Ahora bien, esta mezcla “no fija” es todo lo que atañe a la naturaleza prevaricadora, las adherencias de la carne, la antigua seducción de la serpiente, las ilusiones del hombre viejo que solo puede encontrar su reparación en el trabajo de santificación: “Dios quiere que se le sirva en espíritu, y también en verdad (...) el corazón del hombre debe ser santificado y elevado como triunfo a los ojos de todas las naciones. El corazón del hombre se origina del amor y de la verdad; solo puede recobrar su rango extendiéndose hasta el amor y la verdad” (El Hombre de deseo, § 199).
 
Así, sentimos que el Nombre de Dios debe tener como característica esencial la de ser Alianza eterna, universal, temporal, espiritual, celeste y terrestre. Cuando desciende en el hombre, debe desarrollar en él sucesivamente todas estas diversas Alianzas y hacerle descubrir, en cada época, los tesoros y las maravillas de la eterna inmensidad.

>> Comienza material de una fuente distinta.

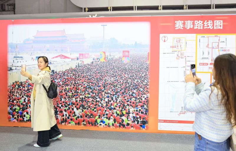 完成领物后,参赛选手可继续参观2026北京国际长跑节-北京半程马拉松博览会。图为选手在海报前拍照。
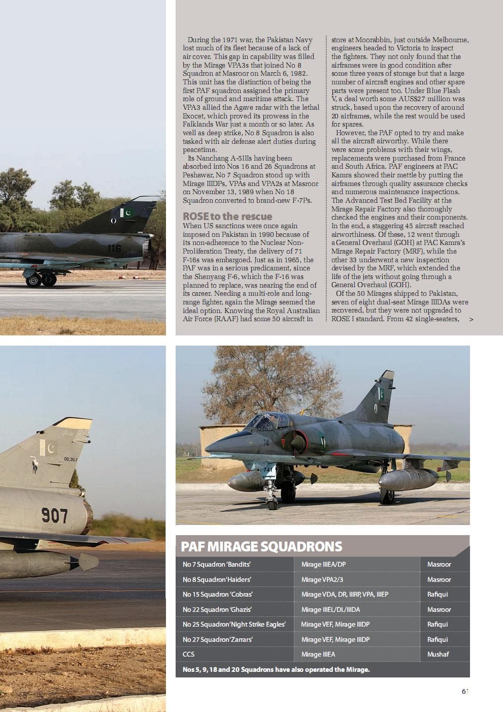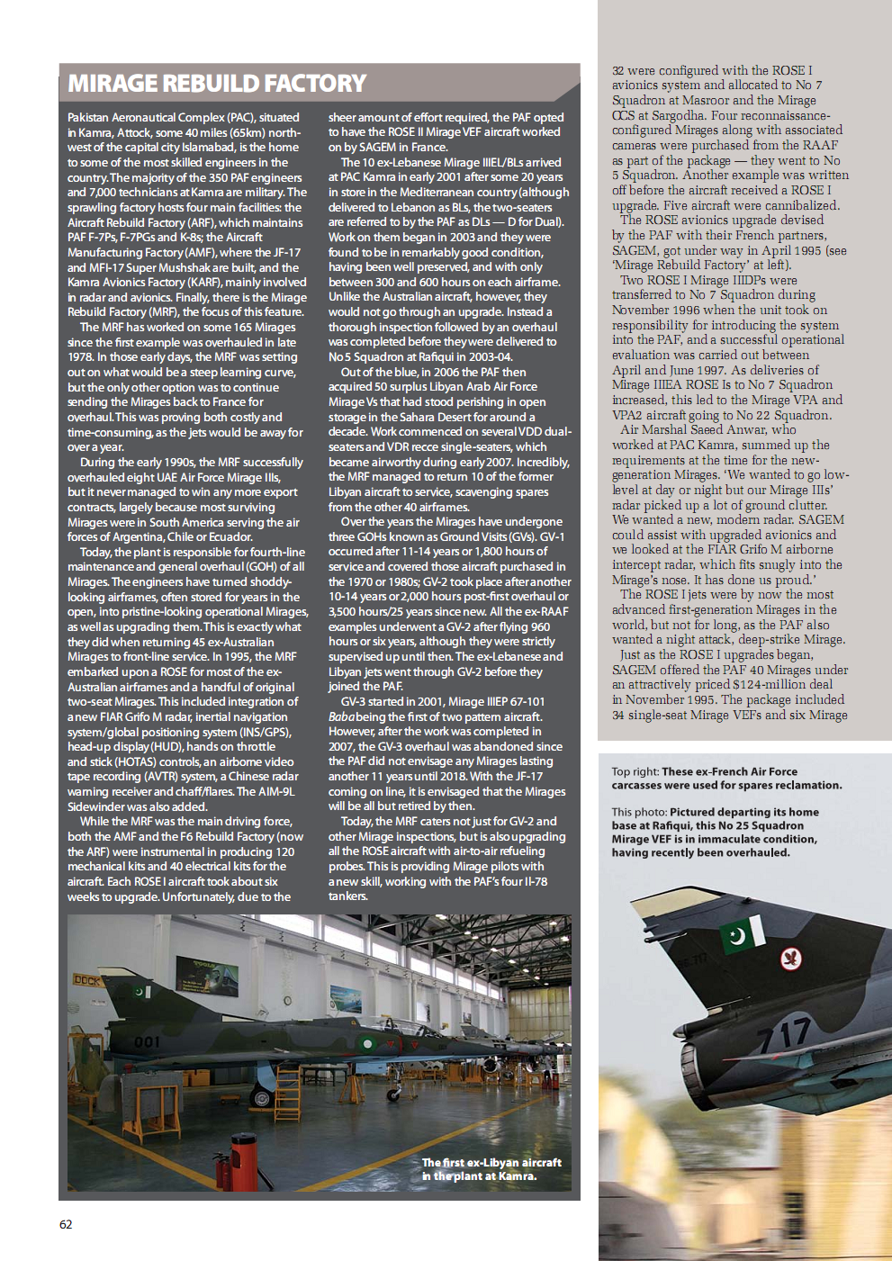 Most of the aircraft were upgraded at Pakistan Aeronautical Complex at Kamra while some were sent over to France with Dassault and SAGEM. The airframes were even paraded around in various airshows with the french companies demonstrating the various upgrades to other international customers. The first ROSE III aircraft was even displayed at Paris Air Show 2005.

Mientras estas diversas Alianzas no se hayan manifestado, operado, confirmado y consolidado en nosotros, no podemos considerarnos como estando perfectamente regenerados; cada una debe tomar posesión de nosotros activa y sensiblemente, hablar y pronunciarse en nosotros; vivificarnos con sus bendiciones, su fuerza y su luz, interior y exteriormente; ponernos en situación, indignos como somos, de operar obras santas y ejercer todos los ministerios sagrados que ejerció la madre de familia, la cual, poseyendo en sí todas las propiedades divinas, inseparables del Nombre de Dios, poseía por consiguiente todas las Alianzas. Es necesario que estas santas Alianzas desciendan sobre nosotros, se prosternen en nosotros a su paso y que las tinieblas y todos los malhechores huyan ante ellas; finalmente, es necesario que nos convirtamos en el conjunto activo de todas estas Alianzas, puesto que es necesario que algún día nos convirtamos en el Nombre pronunciado de este Dios que las contiene” (Louis-Claude de Saint-Martin, Del espíritu de las cosas).